Clustering is a classical unsupervised machine learning technique. It has various applications in criminal justice, automated resume processing, bank loan approvals, recommender systems, and many more. Despite being so popular, traditional clustering algorithms may result in discriminatory behavior towards a group of people (or individuals) and have societal impacts. It has led to the study of fair clustering algorithms that aim to minimize the clustering cost while ensuring fairness criteria. In the talk, we will primarily focus on group fair clustering which primarily requires that data points from each protected group have approximately equal representation in every cluster. This talk will start by discussing the relationships between existing notions in group fair clustering and algorithms in this literature.

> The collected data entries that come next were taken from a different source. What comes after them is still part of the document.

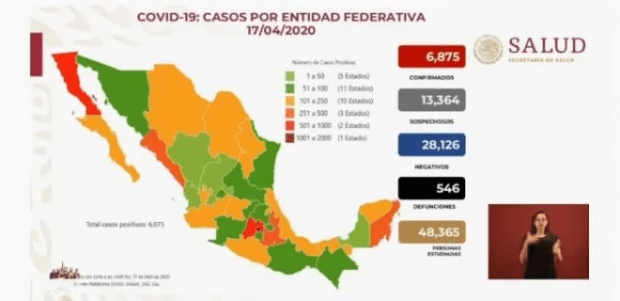 Las autoridades sanitarias de México informaron este viernes que el saldo de muertes por la epidemia de coronavirus en el país es de 546 fallecimientos. Los casos positivos al COVID-19, por su parte, ya son 6,875.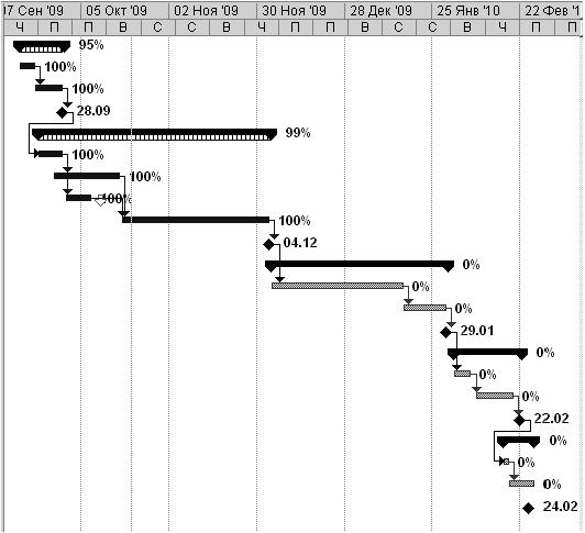 Рис. 8 Пример диаграммы Ганта для проекта, приведённого на рис. 7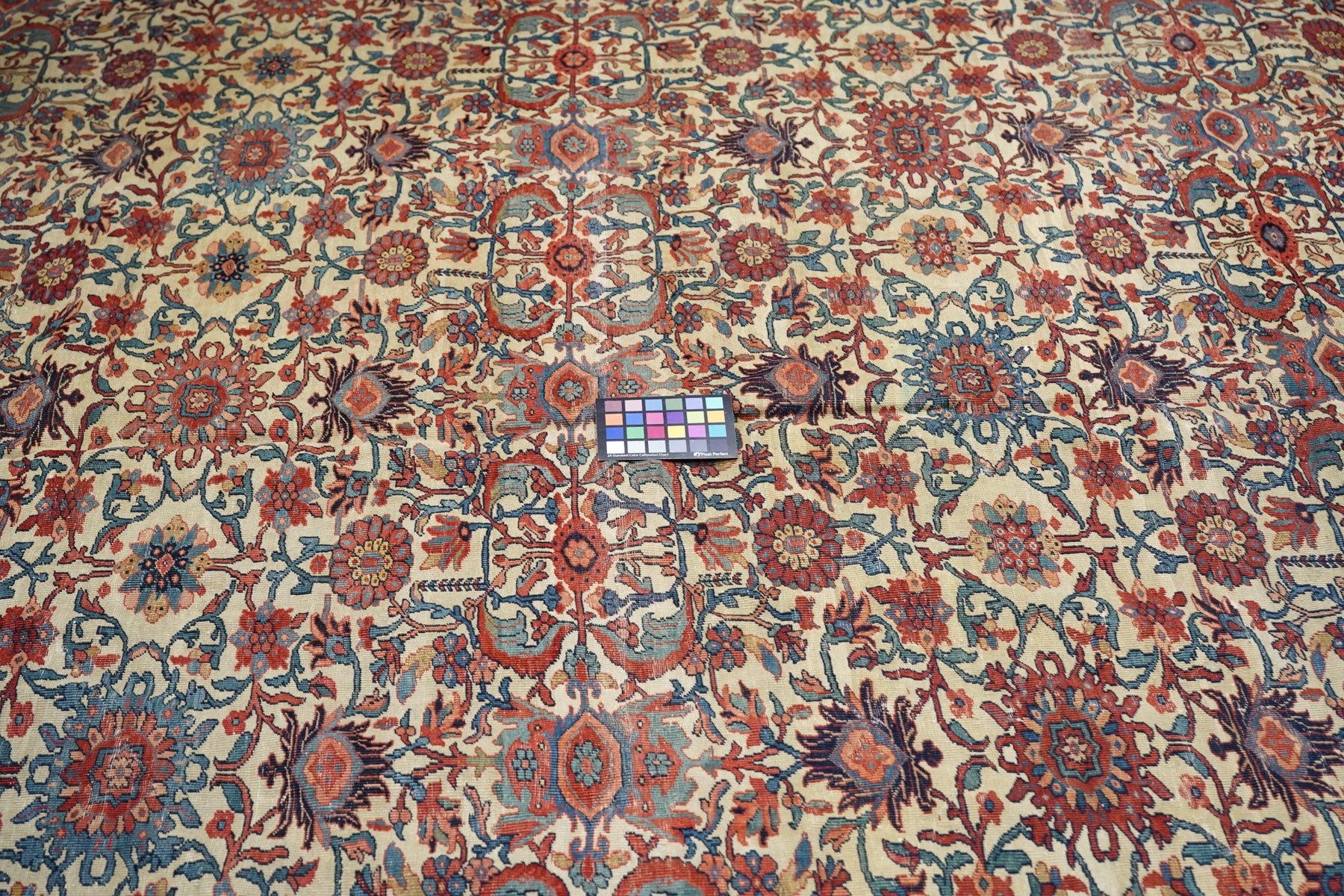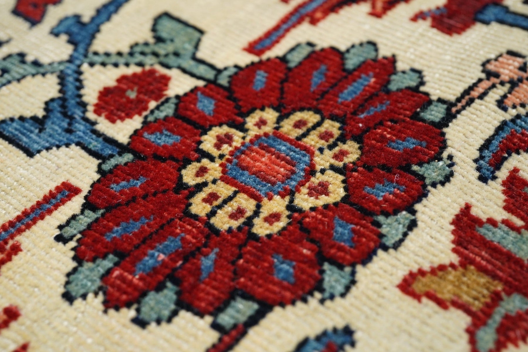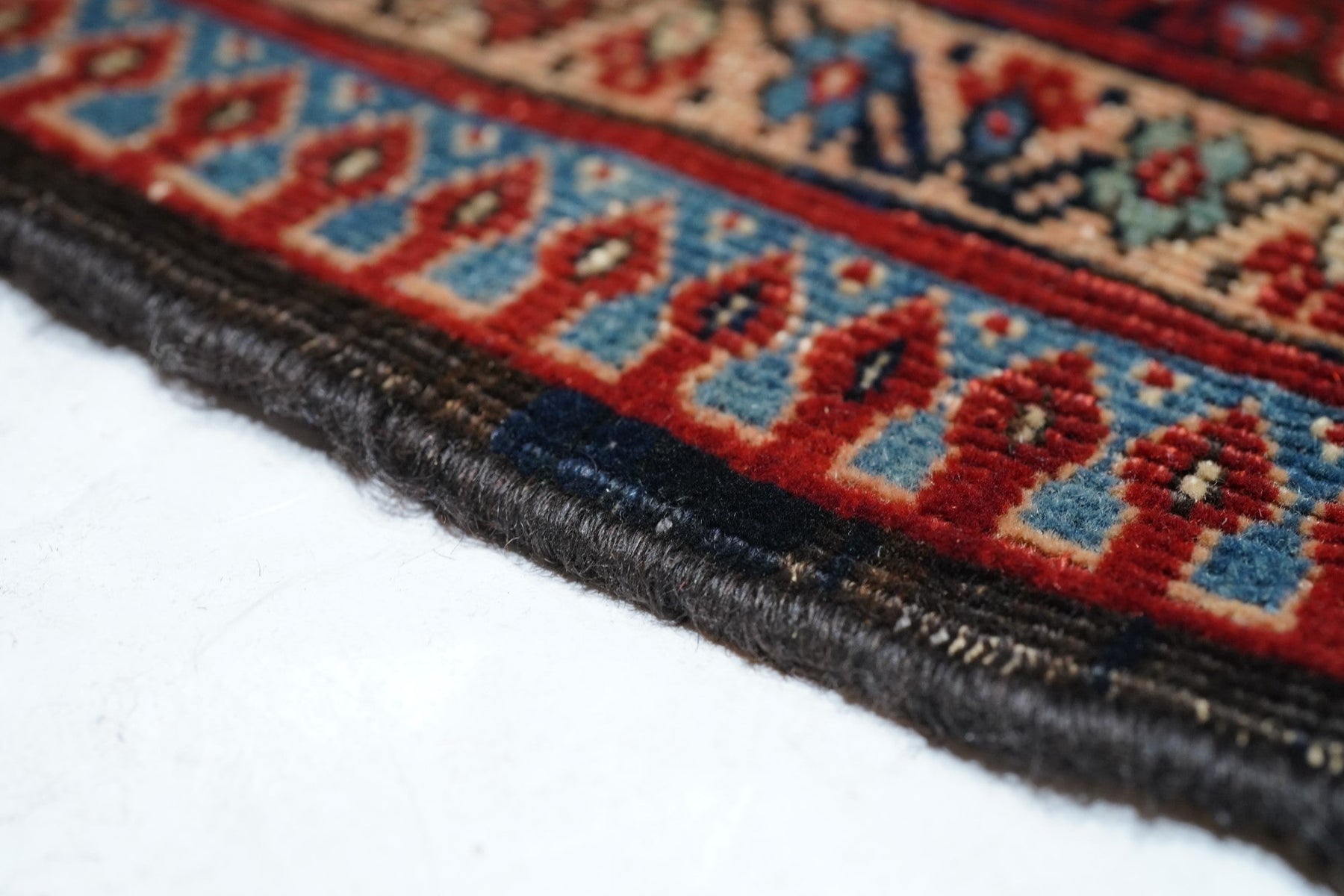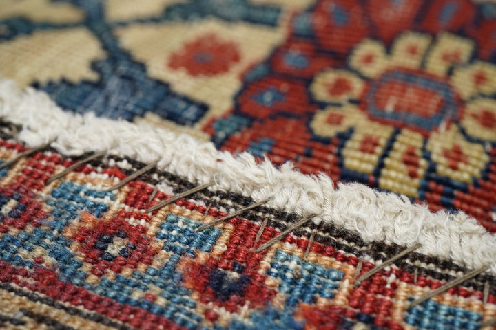 The well-woven village carpets from the Arak/Sultanabad area, especially the red field/navy border, detached floral spray pattern “American Sarouks” of the 1920-1970 period. Robust and leathery, on cotton. Recent examples show medallions and classic allover patterns. Best Sarouks are reputed to be Mohajerans. Moderate to medium priced.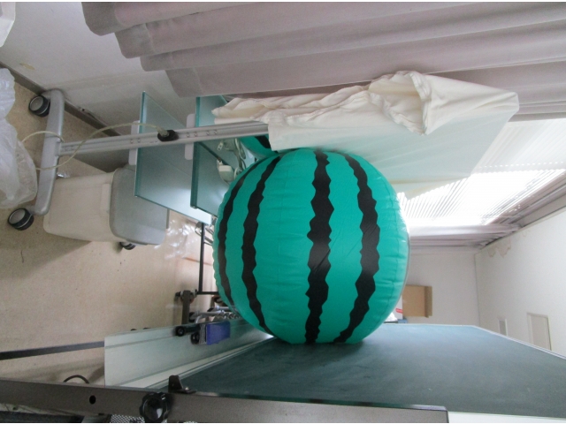 まずは、ダミーのスイカのビーチボールを棒で叩きます。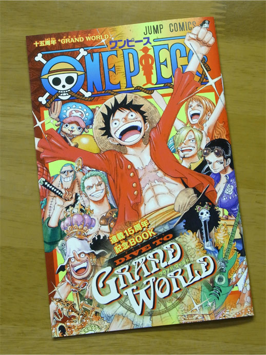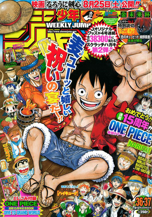 ワンピース連載15周年の記念号。表紙では連載作品のキャラクターたちが麦わら帽子を被って祝ってくれています。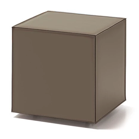 Pouf su ruote completamente rivestito in pelle come da campionario. Cuciture a contrasto.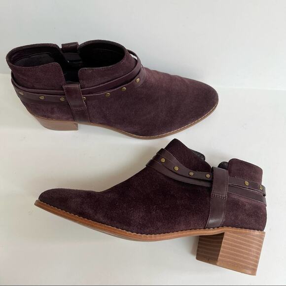 CLARKS Suede Leather Ankle Boot Burgundy Red
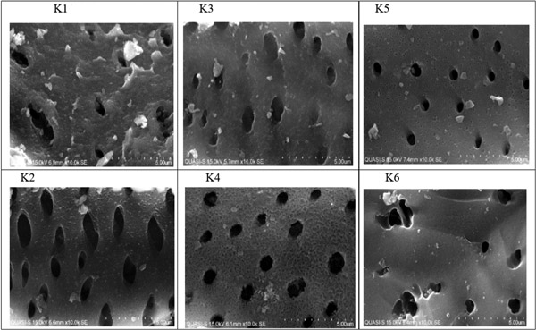 對原始活性炭(圖3中的K1)的掃描顯示出相當均勻的孔;钚蕴康慕Y構可以看作是薄片,為不規(guī)則分布和各種尺寸的孔提供了較大的吸附面積。表面上的大多數(shù)可見孔都在5微米范圍內(nèi),這與對椰殼活性炭的預期一致,而在這5微米孔內(nèi)可以看到小于1微米的較小孔。圖3中的K2顯示了在氯酸鹽吸附到表面活性部位后活性炭表面的變化。這些孔有變化的跡象,因為其中一些吸附氯酸鹽,而其他孔被氯酸鹽和氯化物分子阻塞。在10,000倍的放大倍率下,可以觀察到小孔周圍和大孔入口處的沉積,因為預計表面活性基團會大量存在于這些區(qū)域;钚蕴康乃嵝栽偕鷺O有可能形成了表面活性部位,從而增強了活性炭吸附大量氯酸鹽的能力。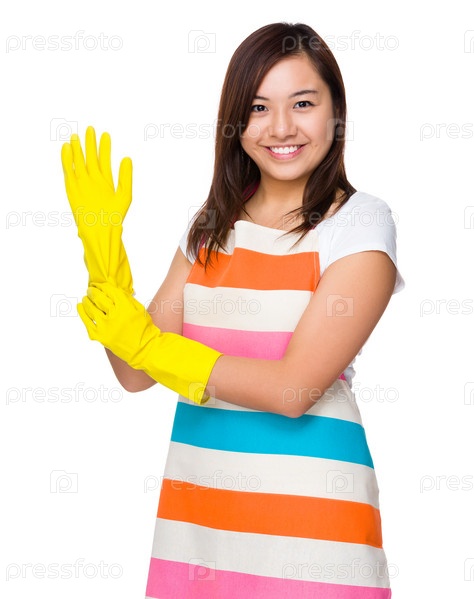 Молодая девушка в резиновых перчатках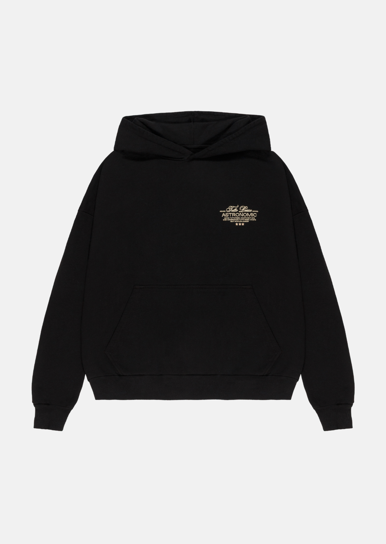 Hoodie color negro, molde Oversize, hecho en 100% algodón premium de 400 gsm. Puños y cintura en Rib, el diseño de un atardecer en Portofino está hecho serigrafía sin tacto.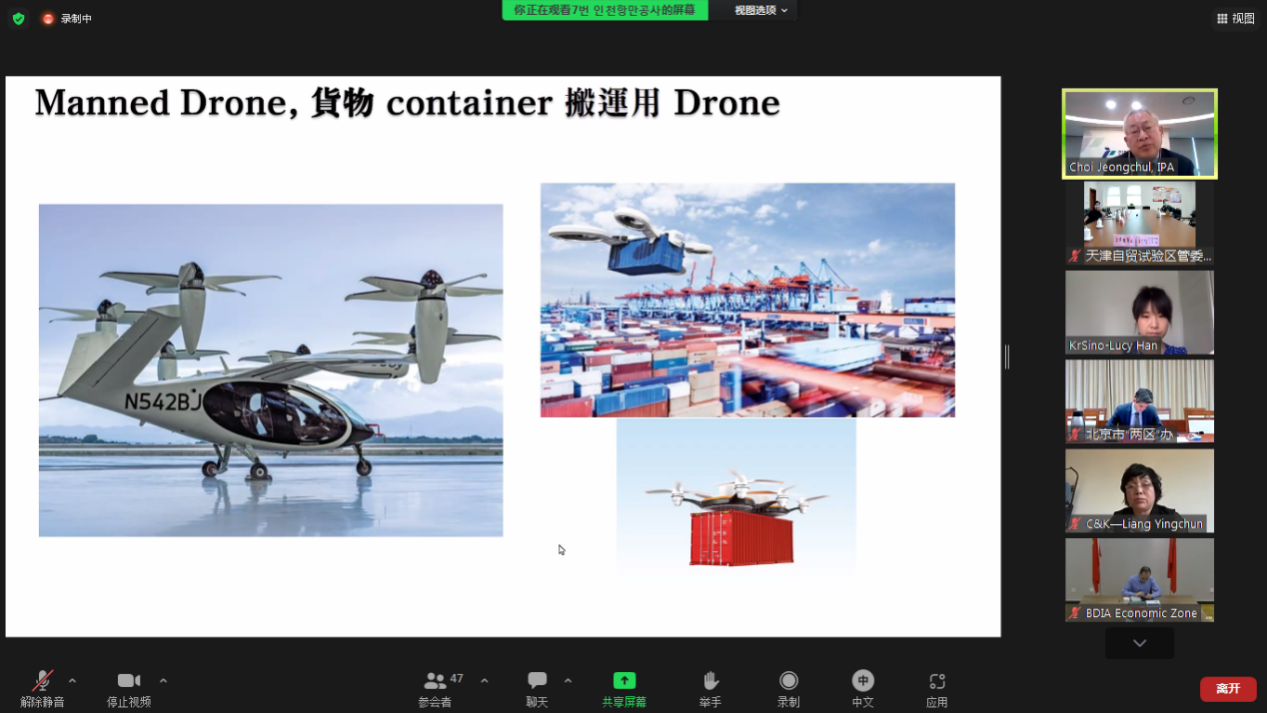 天津自貿(mào)試驗(yàn)區(qū)東疆片區(qū)自貿(mào)工作局劉慶良局長(zhǎng)線上推介了東疆片區(qū)的歷史沿革、區(qū)域經(jīng)濟(jì)、優(yōu)勢(shì)產(chǎn)業(yè)、智慧港口、中歐班列、營(yíng)商環(huán)境建設(shè)等相關(guān)情況,就韓國(guó)企業(yè)代表關(guān)注的融資租賃、國(guó)際貿(mào)易、海鐵聯(lián)運(yùn)等產(chǎn)業(yè)領(lǐng)域和項(xiàng)目進(jìn)行重點(diǎn)介紹,并誠(chéng)邀韓國(guó)企業(yè)來(lái)津發(fā)展。

I will also discuss the advantages and disadvantages of existing algorithms in terms of theoretical guarantees, time complexity, and reproducibility. Finally, the talk will conclude by providing new directions and open problems in fair clustering.

Shweta Jain, IIT Ropar

Shweta Jain is an assistant professor in the computer science and engineering department at the Indian Institute of Technology, Ropar. Her research interests are machine learning, game theory, and mechanism design. She obtained her Ph.D. in Computer Science and Engineering from IISc, Bangalore, and worked as an assistant professor at IIT Bhubaneshwar before joining IIT Ropar. She is also heading the Indo-Taiwan Joint Research Center at IIT Ropar.